- _Assignment_:
With the images removed, reproduce each entry below word for word.

- _Information provided_:

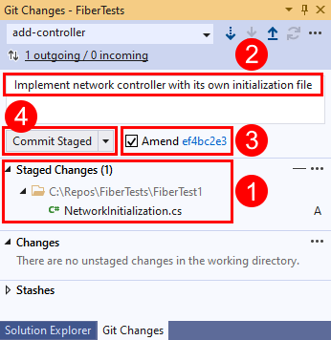 In the Git Changes window, optionally stage one or more files, enter a commit message, select Amend, and then choose Commit Staged.
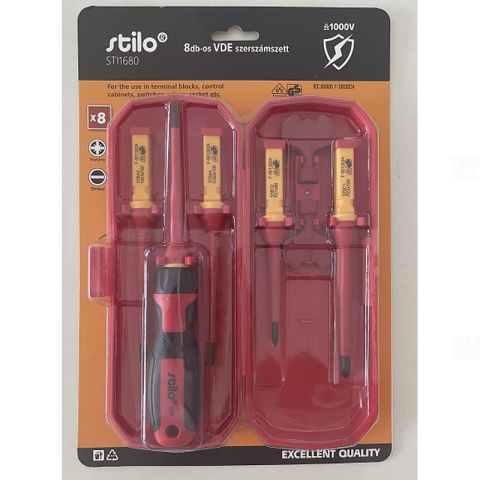 1 kép Stilo Csavarhúzó készlet 8db-os szigetelt, cserélhető betéttel, lapos és PZ fejekkel
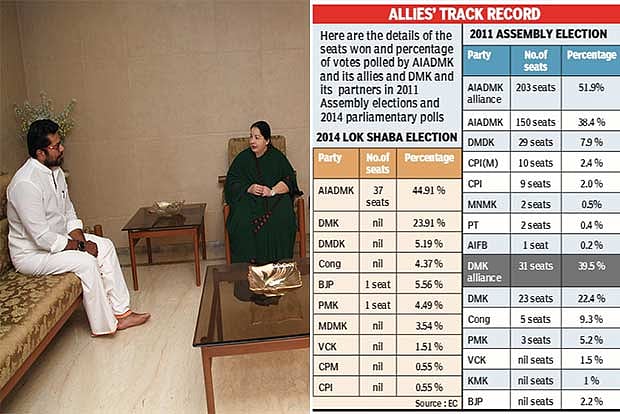 The NDA finished the tally with just two seats, though senior leaders of constituent parties were fielded at many places. In the coming Assembly election too, AIADMK is likely to go it alone. So, a glance at the percentage of votes polled by the popular parties, besides the two Dravidian majors, will clearly show that this election may also go in favour of J Jayalalithaa, according to some political observers.
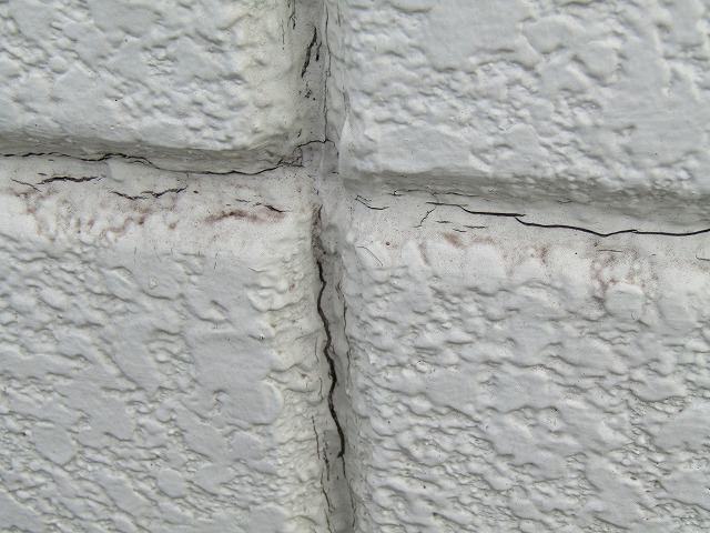 外壁はALCパネルです。小さなひび割れでも雨水が入ると広がりやすく雨漏りしやすいので塗装で防水性を高める必要があります。耐久性の高いフッ素塗料での塗装をご提案いたしました。
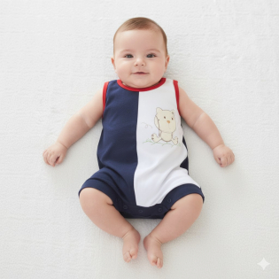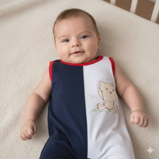 Macacão Regata Verão, Enxoval para Bebê Menino, Composto por 01 Peça. Os Dias mais Quentes pedem uma Roupinha Aconchegante e Confortável, O Macacão Regata irá deixar seu Bebê Super á Vontade e Charmoso. Com Botões de Pressão para Facilitar na Troca de Fraldas.
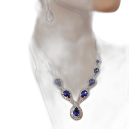 طقم قلادة وأقراط من حجر الراين مع قلادة على شكل قطرة وسلسلة على شكل حرف V. مثالية لإكسسوارات فساتين الزفاف والسهرة. |
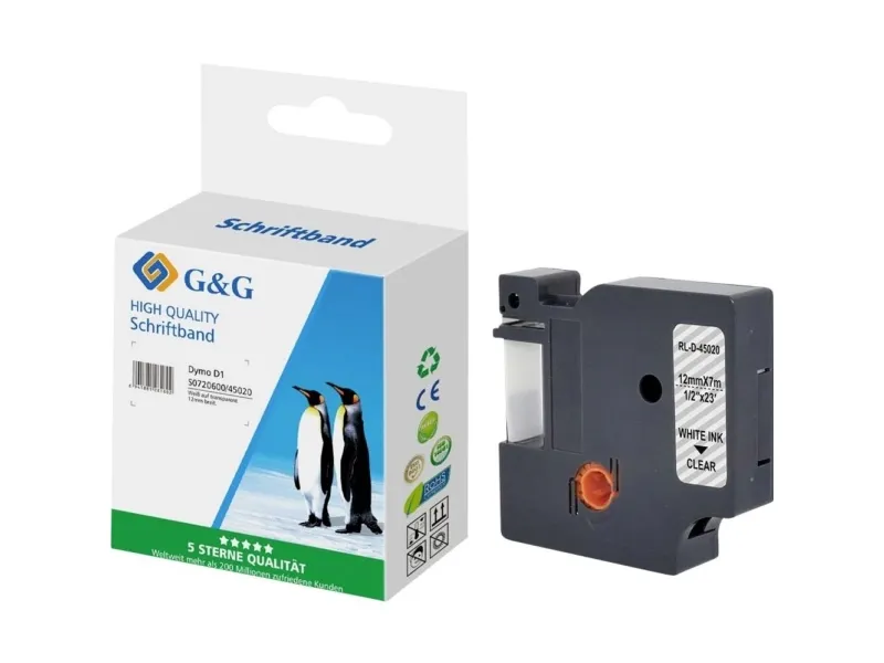 Kompatibel med DYMO D1/ 45020/S0720600 tape (12 mm x 7 m) hvid på transparent - mærke: g & G
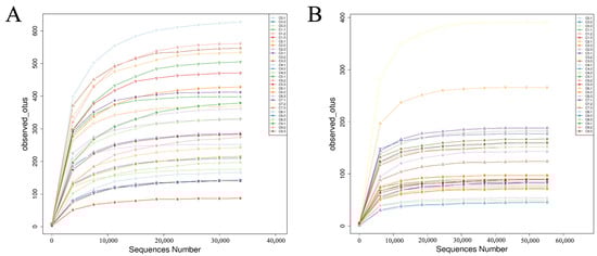 After testing the purity and concentration of DNA, using genomic DNA as a template, PCR amplification was performed using primers 341F (5′-GCTACGGGNGGWGCAG-3′)/805R (5′-GATACHVGGGTATCTAATCC-3′) and 1737F (5′-GAAGTAAAAGTCGTAACAG-3′)/2043R (5′-GCTGTGTTCATCGATGC-3′) to amplify the gene sequences of bacterial 16S rDNA V3–V4 region and fungal ITS1 region, respectively. The PCR amplification system had a volume of 30 μL, consisting of the following components: 15 µL of Phusion Master Mix (2×), 3 µL of primer (2 µmol/L), 10 µL of gDNA (1 ng/µL), and 2 µL of ddH2O. The reaction procedure involved the following steps: pre-denaturation at 98 °C for 1 min, followed by 30 cycles of denaturation at 98 °C for 10 s, annealing at 50 °C for 30 s, and extension at 72 °C for 30 s; there was a final extension at 72 °C for 5 min. After amplification, 2% agarose gel electrophoresis was used for detection, and the product was retrieved using the GeneJET gel recovery kit which form Beijing Jiahang Bochuang Technology Co., Ltd. (Beijing, China). The qualified amplification products underwent high-throughput sequencing on an Illumina NovaSeq 6000 platform of Beijing Nuohe Zhiyuan Technology Co., Ltd. (Beijing, China).
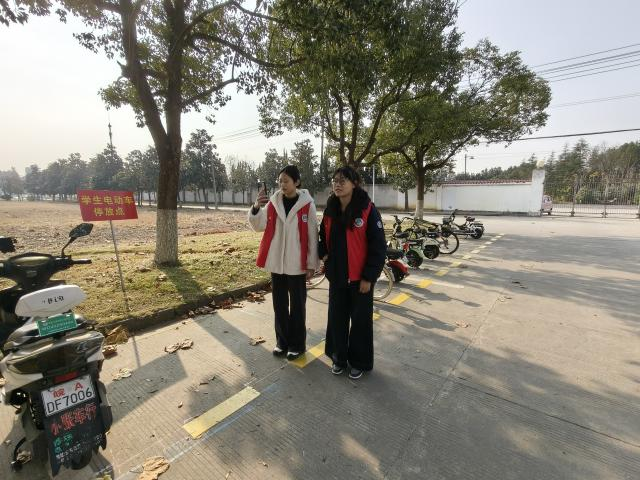 我院学生第一、第二党支部开展“规范电动车停放,党员先锋在行动”党日活动
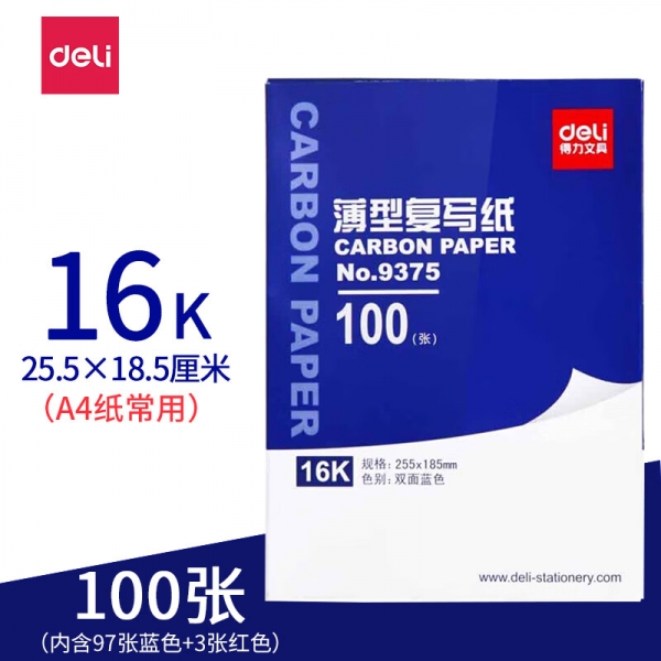 得力9375薄型復(fù)寫紙(藍(lán))(25.5*18.5cm)-16K(100張/盒)
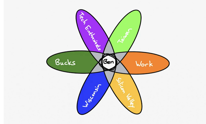 Рис.2. Визуализация множественных идентичностей Бена Томпсона (Thompson, 2020)
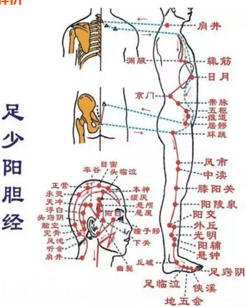 前面我们已经说了,少阳,就是缺少阳的意思,也就是门处于半开的状态。打个比方,就好比我们开车挂档踩离合时那种“半连动”状态,踩下去就离开,抬脚就连上。因此胆经非常的重要。在人体的经络穴位中,膀胱经最多,达67个,而第二多的就是胆经,有44个。大家都知道《人体使用手册》当中敲胆之说,为什么陈玉琴老师这么强调敲胆经呢?不是膀胱经不重要,而是我们自己很难敲打到膀胱经,因而退而求其次,只好敲胆经。何况《黄帝内经》有:“凡十一脏取决于胆”之说,可见重要性。

- _The answer_:
 In the Git Changes window, optionally stage one or more files, enter a commit message, select Amend, and then choose Commit Staged.
 1 kép Stilo Csavarhúzó készlet 8db-os szigetelt, cserélhető betéttel, lapos és PZ fejekkel
 The NDA finished the tally with just two seats, though senior leaders of constituent parties were fielded at many places. In the coming Assembly election too, AIADMK is likely to go it alone. So, a glance at the percentage of votes polled by the popular parties, besides the two Dravidian majors, will clearly show that this election may also go in favour of J Jayalalithaa, according to some political observers.
 外壁はALCパネルです。小さなひび割れでも雨水が入ると広がりやすく雨漏りしやすいので塗装で防水性を高める必要があります。耐久性の高いフッ素塗料での塗装をご提案いたしました。
 Macacão Regata Verão, Enxoval para Bebê Menino, Composto por 01 Peça. Os Dias mais Quentes pedem uma Roupinha Aconchegante e Confortável, O Macacão Regata irá deixar seu Bebê Super á Vontade e Charmoso. Com Botões de Pressão para Facilitar na Troca de Fraldas.
 طقم قلادة وأقراط من حجر الراين مع قلادة على شكل قطرة وسلسلة على شكل حرف V. مثالية لإكسسوارات فساتين الزفاف والسهرة. |
 Kompatibel med DYMO D1/ 45020/S0720600 tape (12 mm x 7 m) hvid på transparent - mærke: g & G
 After testing the purity and concentration of DNA, using genomic DNA as a template, PCR amplification was performed using primers 341F (5′-GCTACGGGNGGWGCAG-3′)/805R (5′-GATACHVGGGTATCTAATCC-3′) and 1737F (5′-GAAGTAAAAGTCGTAACAG-3′)/2043R (5′-GCTGTGTTCATCGATGC-3′) to amplify the gene sequences of bacterial 16S rDNA V3–V4 region and fungal ITS1 region, respectively. The PCR amplification system had a volume of 30 μL, consisting of the following components: 15 µL of Phusion Master Mix (2×), 3 µL of primer (2 µmol/L), 10 µL of gDNA (1 ng/µL), and 2 µL of ddH2O. The reaction procedure involved the following steps: pre-denaturation at 98 °C for 1 min, followed by 30 cycles of denaturation at 98 °C for 10 s, annealing at 50 °C for 30 s, and extension at 72 °C for 30 s; there was a final extension at 72 °C for 5 min. After amplification, 2% agarose gel electrophoresis was used for detection, and the product was retrieved using the GeneJET gel recovery kit which form Beijing Jiahang Bochuang Technology Co., Ltd. (Beijing, China). The qualified amplification products underwent high-throughput sequencing on an Illumina NovaSeq 6000 platform of Beijing Nuohe Zhiyuan Technology Co., Ltd. (Beijing, China).
 我院学生第一、第二党支部开展“规范电动车停放,党员先锋在行动”党日活动
 得力9375薄型復(fù)寫紙(藍(lán))(25.5*18.5cm)-16K(100張/盒)
 Рис.2. Визуализация множественных идентичностей Бена Томпсона (Thompson, 2020)
 前面我们已经说了,少阳,就是缺少阳的意思,也就是门处于半开的状态。打个比方,就好比我们开车挂档踩离合时那种“半连动”状态,踩下去就离开,抬脚就连上。因此胆经非常的重要。在人体的经络穴位中,膀胱经最多,达67个,而第二多的就是胆经,有44个。大家都知道《人体使用手册》当中敲胆之说,为什么陈玉琴老师这么强调敲胆经呢?不是膀胱经不重要,而是我们自己很难敲打到膀胱经,因而退而求其次,只好敲胆经。何况《黄帝内经》有:“凡十一脏取决于胆”之说,可见重要性。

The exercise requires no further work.